Mice (n = 7 per group) were vaccinated ID with 3 doses of 50 μg of pVAX, pVAX-Tat, pVAX-Tat-IMX313, pVAX-sTat or pVAX-sTat-IMX313 at 2 week intervals. Splenocytes were collected 14 days after the last dose. Blood was collected one day before each vaccination and on the day of euthanasia. (A) IFN-γ ELIspot assay to examine Tat-specific CMI in splenocytes stimulated with Tat peptides for 36 h. (B) FTA assay to examine Th cell responses from pVAX-Tat, pVAX-Tat-IMX313, pVAX-sTat or pVAX-sTat-IMX313 vaccinated mice above the GMFI of CD69 on FTA B220⁺ cells from naïve mice. The graph is representative of the FTA with cells pulsed with Tat peptide pools 1, 2 or 3. (C) AUC values for Th cell responses depicted in (B). (D) The results of an indirect ELISA to detect Tat-specific serum IgG. Titres are expressed as the reciprocal of the serum dilution and plotted as log10 IgG endpoint titre. The data are representative of 2 independent experiments in which each serum sample was analysed in duplicate. (E) Tat transactivation activity in Cf2-Luc cells after the addition of Tat pre-incubated in PBS or a 1/25 dilution of serum samples from mice vaccinated with the respective vaccines. Graphs show mean RLUs (±SEM) relative to untransfected control cells and are representative of 3 independent experiments in which each sample was analysed in triplicate. (F) Percentage decline in luminescence (an indicator of the neutralisation of Tat transactivation activity) depicted in (E). Data shown in the entire figure depict the mean (n = 7) ± SEM; an unpaired non-parametric Mann–Whitney U test was used to analyse the statistical significance of the data; *p < 0.05, **p ≤ 0.01, ***p ≤ 0.001 and p ≥ 0.005 = non-significant (ns).
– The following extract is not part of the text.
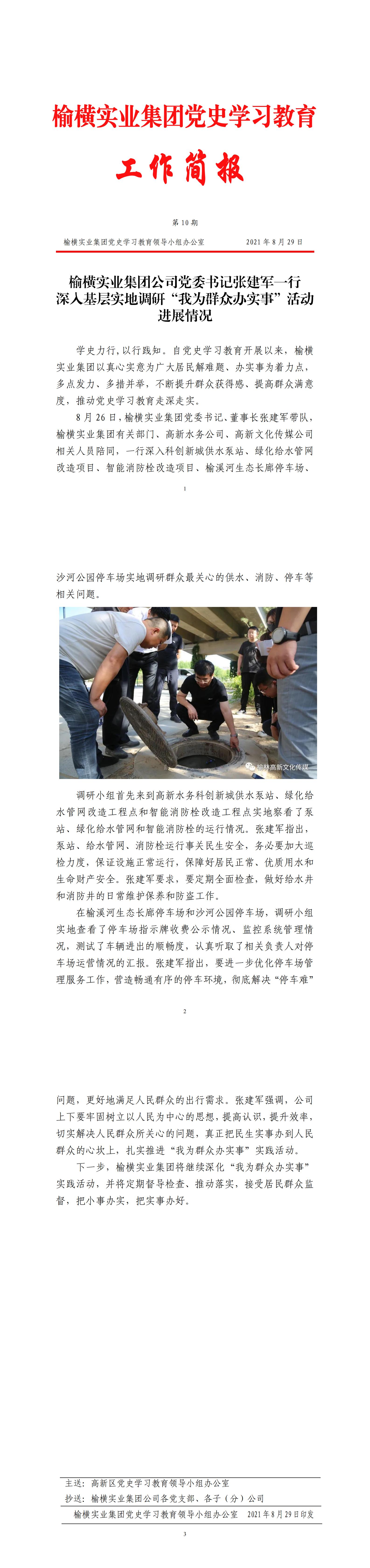 榆横实业集团公司党委书记张建军一行 深入基层实地调研“我为群众办实事”活动进展情况
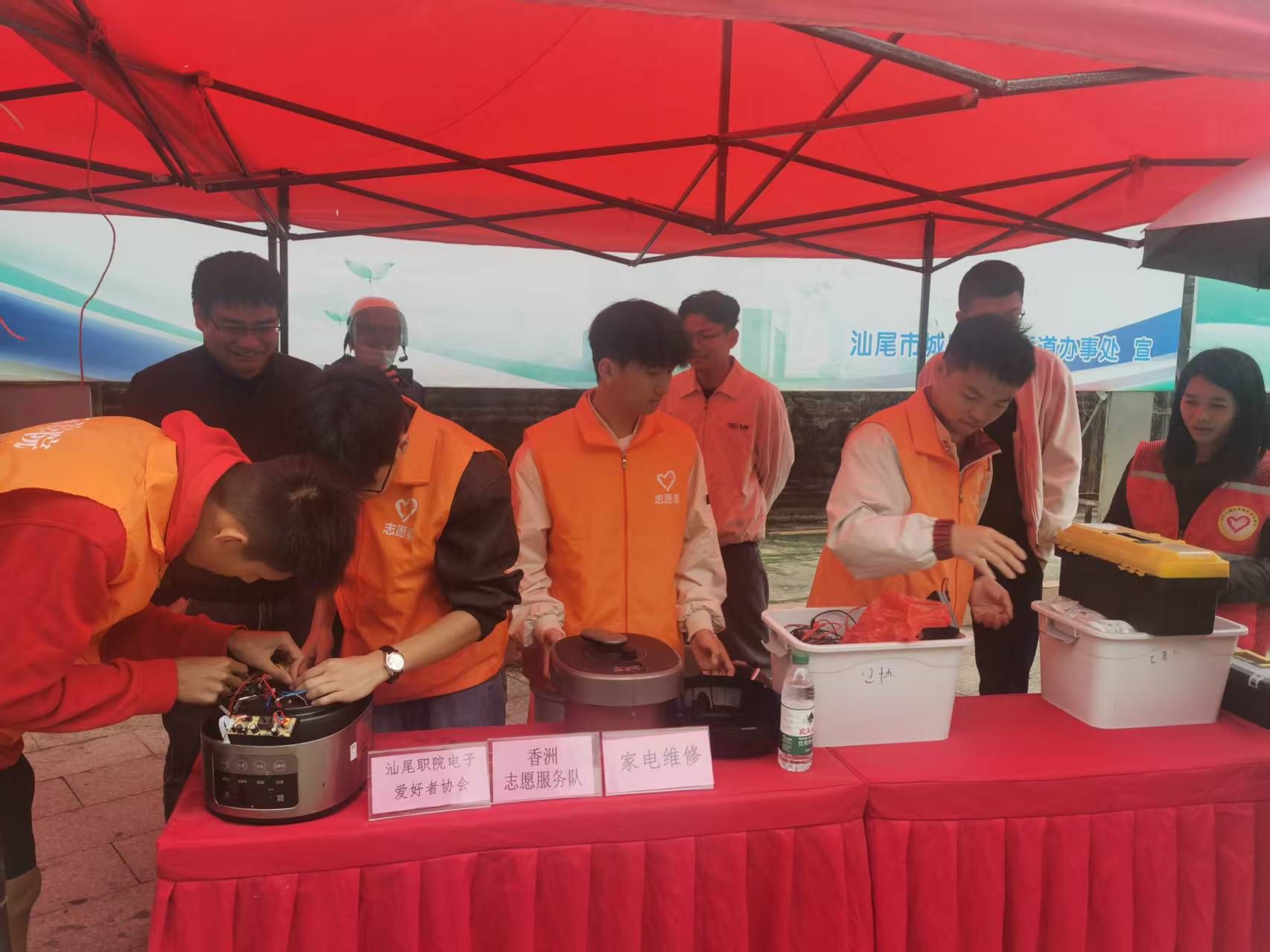 为深入贯彻习近平总书记关于志愿服务的重要指示精神,积极响应学雷锋月的号召,弘扬“奉献、友爱、互助、进步”的志愿精神,践行社会主义核心价值观,太阳成集团tyc122ccvip在香洲街道办的邀请下,于3月5日下午组织开展了一场以“电子青年进社区 雷锋精神暖人心”为主题的义务维修活动。

Figure 3. Humoral responses and CMI are increased after 5 doses of Tat DNA vaccine.

Animals were vaccinated ID with 5 doses of 50 μg of pVAX-sTat or pVAX-sTat-IMX313 at 2 week intervals. Splenocytes were collected 14 days after the last dose. Blood and CVLs were collected one day before each vaccination and on the day of euthanasia. (A) ELISA results showing serum anti-Tat IgG titres. (B) Serum neutralisation of Tat transactivation activity, (C) Percentage decline in luminescence (an indicator of the neutralisation of Tat transactivation activity) that is depicted in (B,D) ELISA results showing anti-Tat sIgA titres in CVLs from pVAX-sTat or pVAX-sTat-IMX313 vaccinated mice. Data are representative of 2 independent experiments. (E) Percentage of vaccinated animals in which sIgA was detected after 3–5 vaccine doses in the experiment shown in 3D. (F) IFN-γ ELIspot assay to examine Tat-specific CMI responses following administration of 5 doses of pVAX-sTat or pVAX-sTat-IMX313. Data shown in the entire figure depict the mean (n = 7) ± SEM; an unpaired non-parametric Mann–Whitney U test was used to analyse the statistical significance of the data; *p < 0.05, **p ≤ 0.01, ***p ≤ 0.001 and p ≥ 0.005 = non-significant (ns).

Figure 4. pVAX-sTat-IMX313 vaccinated mice exhibit superior control against EcoHIV challenge.

Unvaccinated mice or vaccinated mice which received 5 doses of 50 μg of either pVAX-sTat or pVAX-sTat-IMX313 were challenged with 1.5 μg p24 of EcoHIV/NL4-3 10 days post final vaccination. The viral load in PECs and splenocytes was determined by qRT-PCR; EcoHIV RNA levels in (A) PECs and (B) splenocytes 7 days post challenge. EcoHIV mRNA levels were normalised to RPL13a mRNA and the data represent the mean (n = 7) ± SEM. **p < 0.05 and **p ≤ 0.01(Mann–Whitney U test).